Veterinarians have used alpha-2 adrenergic agonists (xylazine, detomidine, medetomidine) for many years for regional analgesia, but experience with these agents in humans dates back only 3 decades. In 1984, Tamsen and Gordh, after testing for neurotoxicity in animals, injected a parenteral preparation of the alpha-2 adrenergic agonist clonidine epidurally in 2 patients with chronic pain.4 Since then, a complete toxicologic assessment has suggested that clonidine is safe for intraspinal use.5-20
Most of the investigations studying the analgesic effect of alpha-2 adrenoceptor agonists postoperation included previous or concomitant administration of other analgesic drugs such as local anesthetics or opioids. Because clonidine has been shown to potentiate the analgesic effect of these drugs, the importance of its own intrinsic analgesic effect has remained difficult to establish.21 Two studies reported the efficacy of intrathecal clonidine as a sole analgesic agent and showed complete and long-lasting analgesia after a single intrathecal injection of clonidine in women recovering from cesarean deliveries performed without perioperative administration of additional analgesics.22,23
Our study compared the analgesic effect of defined-dose epidural clonidine as a sole epidural analgesic agent vs the more commonly used drug bupivacaine during and after lower abdominal surgery. We also compared the 2 groups with regard to hemodynamic changes, effects on respiratory function, sedative effects, and side effects.
METHODS
Study Design
This randomized, double-blind, prospective clinical trial enrolled 40 patients presenting for elective lower abdominal surgery at a tertiary care university hospital. The study was approved by the institutional review board. Sixty-two patients who fulfilled the inclusion criteria were approached. Forty-six patients agreed to participate. Six patients were excluded because of concomitant beta blocker therapy (3 patients), abnormal coagulation profile (2 patients), and cardiac conduction defect (1 patient) (Figure). After providing informed consent, patients were randomly divided into 2 groups of 20 patients each. Randomization was done using sealed and shuffled envelopes with treatment allocations inside. Each envelope was opened by an investigator just before surgery to learn the group assignment and to order the infusion. All patients were treated strictly as randomly assigned.
Outcomes
The primary outcome was the comparison of pain control between groups. Secondary outcomes were the comparisons of hemodynamic changes, effects on respiratory function, sedative effects, and side effects between the two groups.
Participants
All patients were 18-50 years of age, American Society of Anesthesiologists (ASA) physical status category 1 or 2, and scheduled for elective lower abdominal surgery (ie, oblique inguinal hernia, femoral hernia, lower abdominal incisional hernia repairs, and abdominal hysterectomy) at a tertiary care university hospital in Cairo, Egypt.
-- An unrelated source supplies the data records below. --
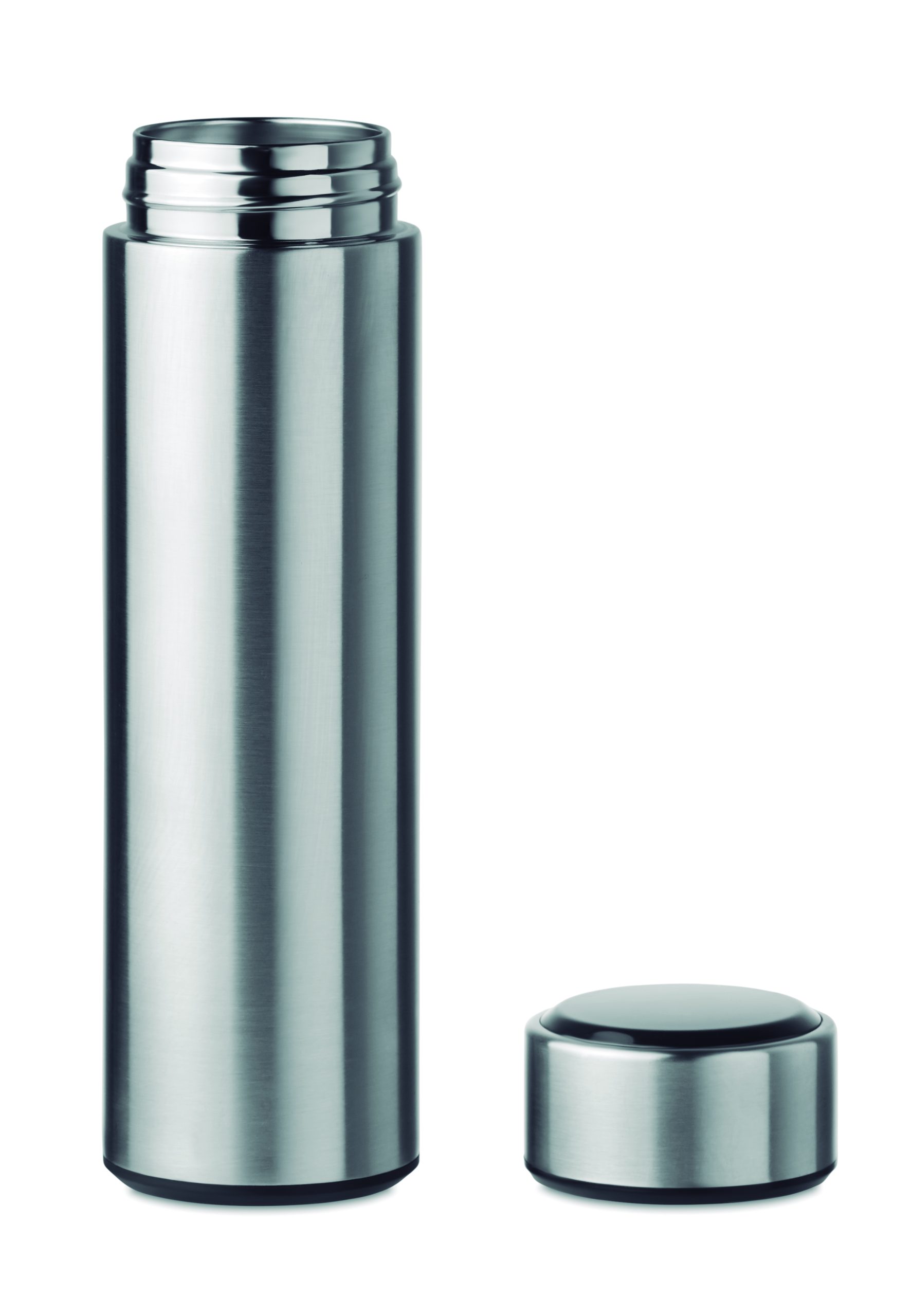 Butelka ze stali nierdzewnej, posiada podwójne ścianki z izolacyjną komorą próżniową. Wbudowany dotykowy termometr LED na pokrywie i zaparzacz do herbaty.Zawiera 1 wymienną bateria CR2032. Szczelna. Poj. 450 ml. Szczelna.
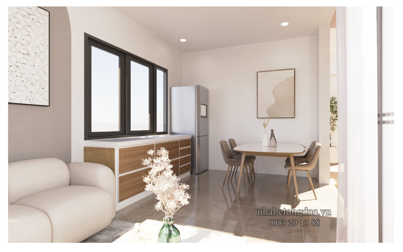 Phòng bếp + khu vực ăn uống: bố trí liền kề, thuận tiện cho gia đình quây quần trong những bữa cơm.
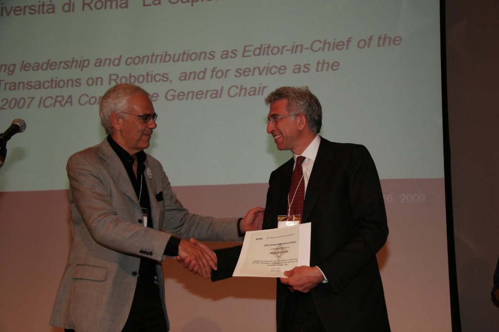 - 2009 IEEE-RAS Distinguished Service Award. Citation: "For outstanding leadership and contributions as Editor-in-Chief of the IEEE Transactions on Robotics, and for service as the ICRA 2007 General Chair" (April 2009). [ceremony picture]
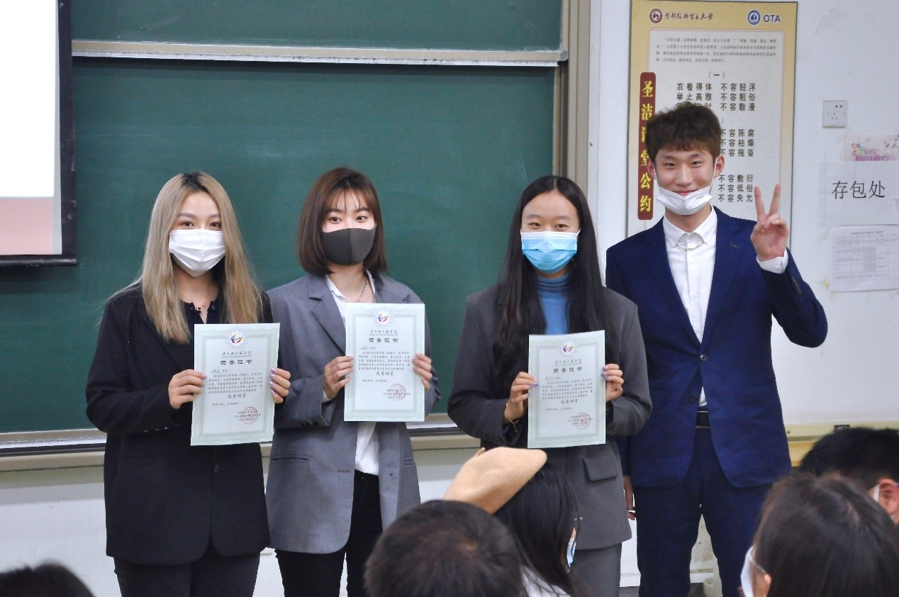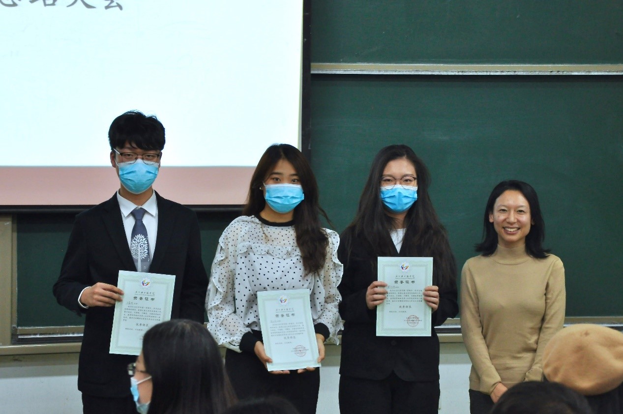 大会第二项,由党总支副书记高琼、分团委书记郭奕彤和兼职辅导员贺琦颁发本学期优秀部长证书。本学期各部门工作进展顺利,完成度高,这与各位部长的辛勤付出是分不开的,在此对优秀部长进行表彰。
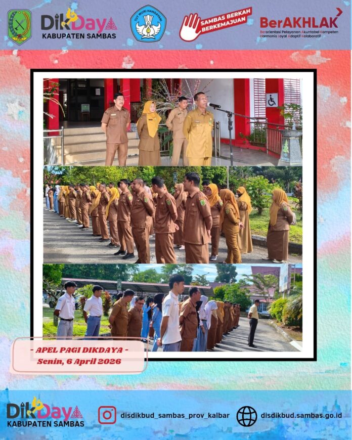 SAMBAS – Mengawali pekan pertama di bulan April, Dinas Pendidikan dan Kebudayaan Kabupaten Sambas menggelar apel pagi rutin pada Senin, 6 April 2026. Bertempat di halaman kantor Disdikbud, apel dipimpin langsung oleh Kepala Dinas Pendidikan dan Kebudayaan Kabupaten Sambas dan diikuti oleh seluruh jajaran pegawai, mulai dari pejabat struktural hingga fungsional.

Exclusion criteria were any history of allergy to the drugs used in the study, abnormal coagulation profiles, abnormal hepatic or renal function, chronic pain, cardiac conduction defects, or use of beta blocker therapy.
Blinding
All patients were blinded to the treatments used. Physicians who took care of the patients intraoperatively and postoperatively, including investigators who collected the postoperative outcomes of interest, were blinded to the treatments used. In addition, the biostatistician who performed the statistical analysis was blinded. Groups were labeled as Group I (patients who received epidural clonidine) and Group II (patients who received epidural bupivacaine). All previously mentioned participants were unaware of the treatment assigned to Group I as well as Group II.
Preoperative
All patients received intravenous (IV) premedication with midazolam 0.05 mg/kg 30 minutes before induction.
Intraoperative
Monitors were applied after establishing an IV line and infusing 1 L of crystalloid solution; in the operating room, an epidural catheter was inserted in all patients at the L2-L3 vertebral interspace. Level identification was done using anatomic landmarks with the line across the highest points of the iliac crests (Tuffier's line) used to identify the L4 vertebral body or the L4-L5 interspace. The epidural space was identified using the midline approach with loss of resistance to air. An epidural catheter was then inserted 4 cm past the needle tip.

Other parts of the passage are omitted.